Goma, capitale de la province voisine du Nord-Kivu, quasi encerclée par une rébellion armée et où s’entassent des centaines de milliers de déplacés dans des camps de fortune, craint une propagation à grande échelle en raison de la promiscuité.
Mais dans les allées caillouteuses du centre d’isolement, délimité par des barrières et des pancartes d’avertissement, l’inquiétude reste contenue. Les parents tiennent leurs enfants malades dans leurs bras malgré les risques de propagation. Les personnels du centre sensibilisent régulièrement les patients pour leur faire appliquer les gestes barrière.
»Mon fils a été hospitalisé ici pour le mpox, et c’est ma fille qui le gardait. Après leur sortie, le dimanche, les mêmes signes sont apparus vers le mercredi chez ma fille », raconte Deogracias Mahombi Sekabanza, lui-même agent de santé, accompagnant sa fille Confiance.
Panique extrême
Dans la tente voisine, Furaha Makambo vit avec ses trois enfants, Ornella, Rachelle et Baraka, tous les trois contaminés dans le site de déplacés où ils habitent. »Mes enfants dorment ensemble sur un même lit et se retrouvent tous contaminés en même temps, et je n’avais pas un autre lit pour les séparer », explique-t-elle.
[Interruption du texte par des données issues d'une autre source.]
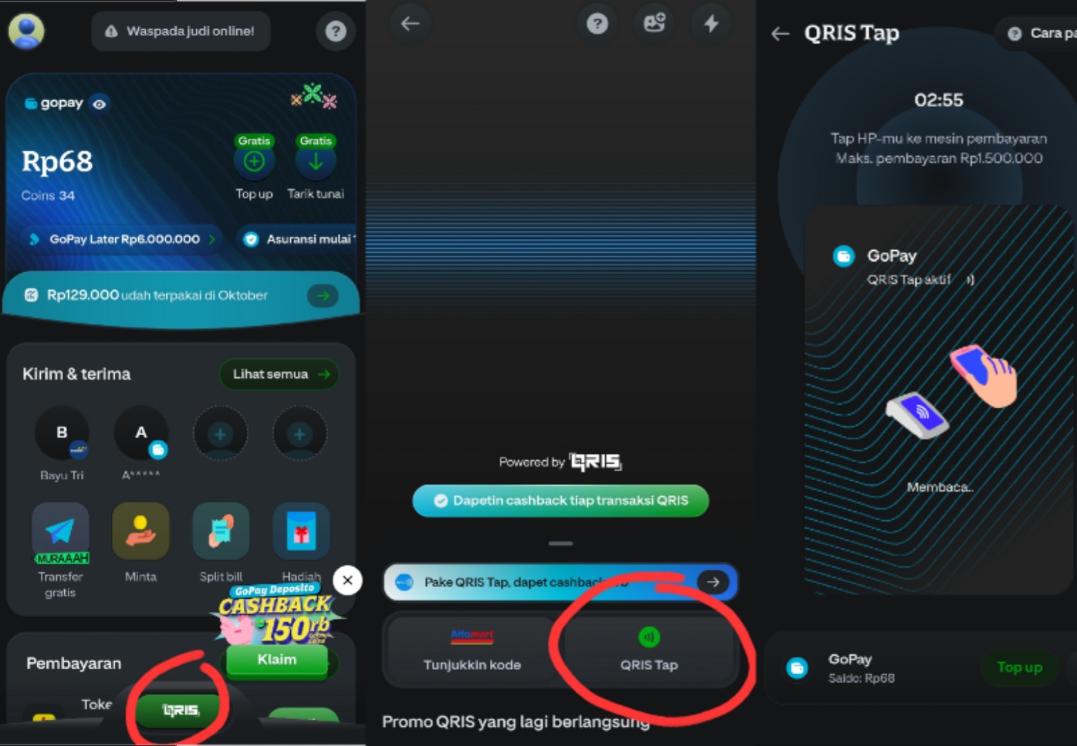 Di sini Tim REDaksi menggunakan aplikasi Gopay untuk percobaan. Untuk menggunakan QRIS Tap di Gopay dapat dilakukan melalui menu QRIS di aplikasi lalu pilih QRIS Tap.

Originaire du territoire de Masisi (est), en proie aux violences des groupes armés, Mme Makambo s’est réfugiée à Goma après la mort de son mari. »Nous avons peur, il faut que cette maladie soit éradiquée et n’atteigne plus les déplacés car elle peut nous exterminer », dit-elle à l’AFP. Si les actions de sensibilisation et l’expérience des épidémies permettent aux cas suspects d’être rapidement pris en charge, les consignes de distanciation sont difficiles à faire appliquer, en particulier par les enfants. Deogracias Mahombi Sekabanza affirme que son fils a été contaminé en jouant avec ses camarades. »La maladie est très contagieuse. Si l’on touche les sueurs, les urines ou même les habits d’un malade et qu’on n’est pas protégé, on est directement atteint », prévient le docteur Trésor Basubi. »En se lavant les mains avec du savon ou de la cendre, on peut être protégé, mais ce n’est pas garanti », ajoute-t-il. Dans une tente qu’elle partage avec trois enfants venus d’autres familles, Nyota Mukobelwa reçoit assise sur son lit. Cette vendeuse de beignets, déplacée par le conflit, a préservé son flegme et son élégance. Elle laisse échapper un éclat de rire gêné face à la caméra venue la filmer dans cette inconfortable posture. »Le vaccin doit être disponible car sinon, l’épidémie va se propager davantage, beaucoup de personnes vont mourir et nous allons contaminer les enfants qui sont à la maison », plaide-t-elle. L’OMS et les ONG de santé ont appelé les fabricants de vaccins à accroître largement leur production.